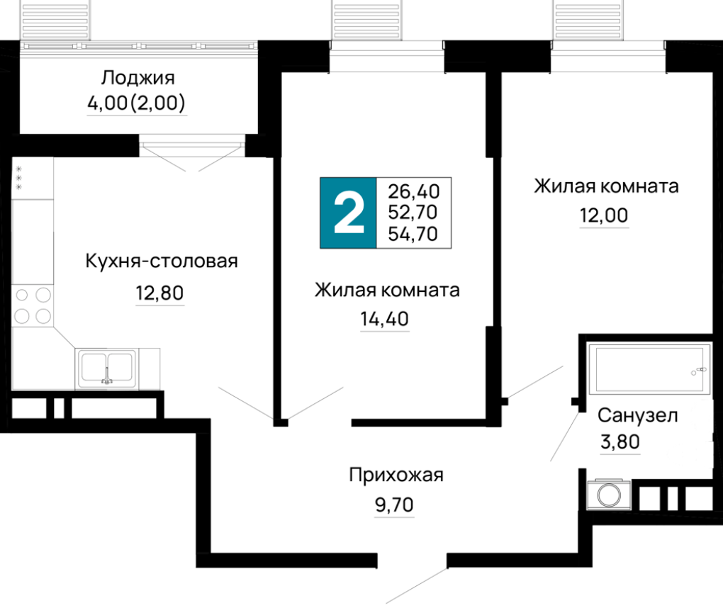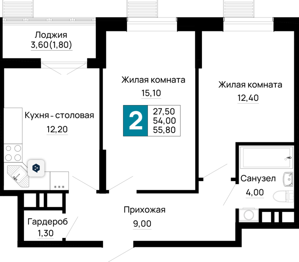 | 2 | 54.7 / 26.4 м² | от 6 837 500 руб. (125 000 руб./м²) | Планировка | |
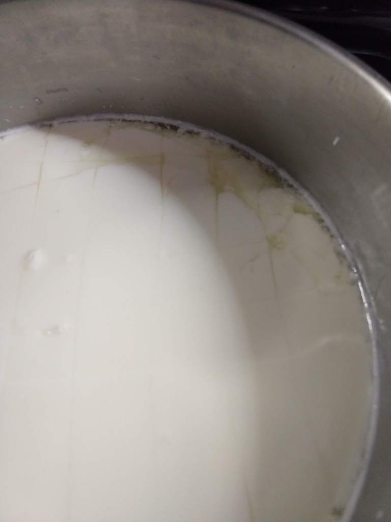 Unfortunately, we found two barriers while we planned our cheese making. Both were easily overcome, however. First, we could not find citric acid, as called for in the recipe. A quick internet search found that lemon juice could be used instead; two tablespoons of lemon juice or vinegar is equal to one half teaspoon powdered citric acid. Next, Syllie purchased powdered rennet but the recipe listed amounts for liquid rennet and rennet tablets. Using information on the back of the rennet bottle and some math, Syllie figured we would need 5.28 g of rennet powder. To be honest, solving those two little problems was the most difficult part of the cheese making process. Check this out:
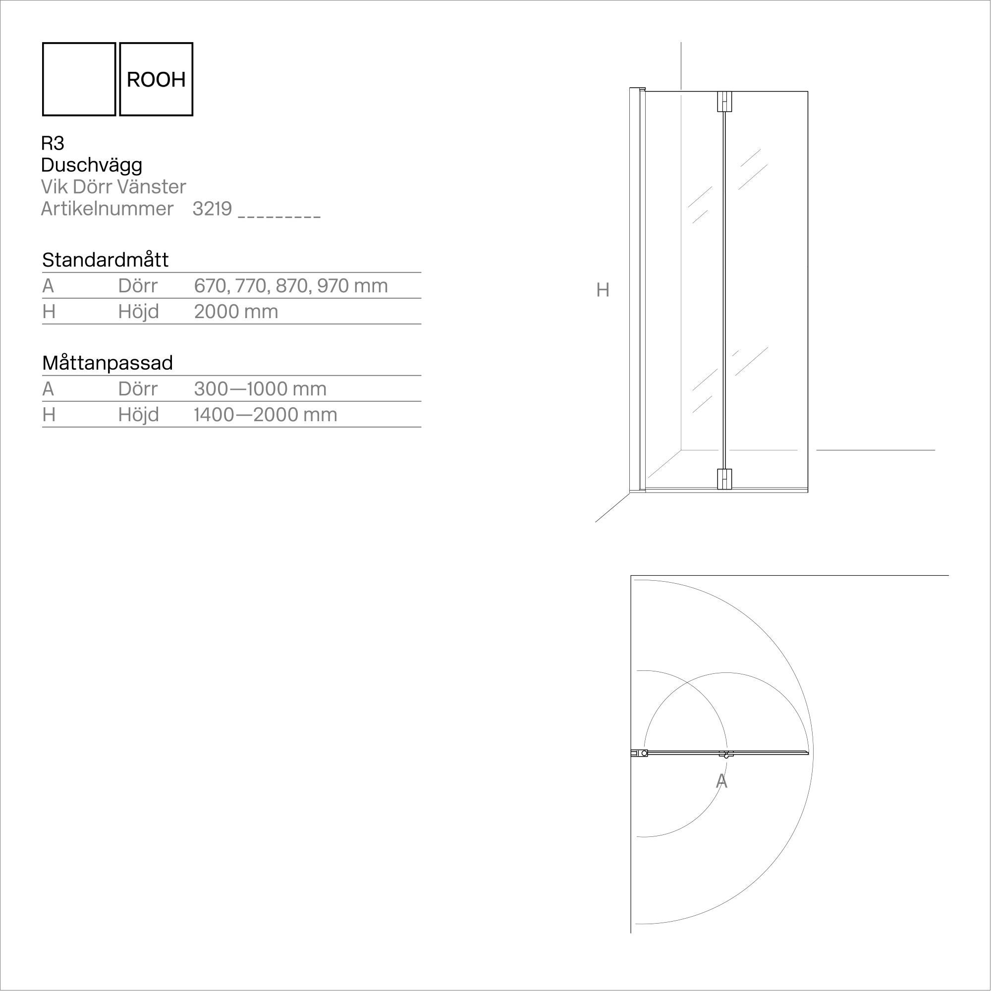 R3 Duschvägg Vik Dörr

# # # # #

Reprint the data verbatim, pictures excluded.

▸ TASK RESULT
 | 2 | 54.7 / 26.4 м² | от 6 837 500 руб. (125 000 руб./м²) | Планировка | |
 Unfortunately, we found two barriers while we planned our cheese making. Both were easily overcome, however. First, we could not find citric acid, as called for in the recipe. A quick internet search found that lemon juice could be used instead; two tablespoons of lemon juice or vinegar is equal to one half teaspoon powdered citric acid. Next, Syllie purchased powdered rennet but the recipe listed amounts for liquid rennet and rennet tablets. Using information on the back of the rennet bottle and some math, Syllie figured we would need 5.28 g of rennet powder. To be honest, solving those two little problems was the most difficult part of the cheese making process. Check this out:
 R3 Duschvägg Vik Dörr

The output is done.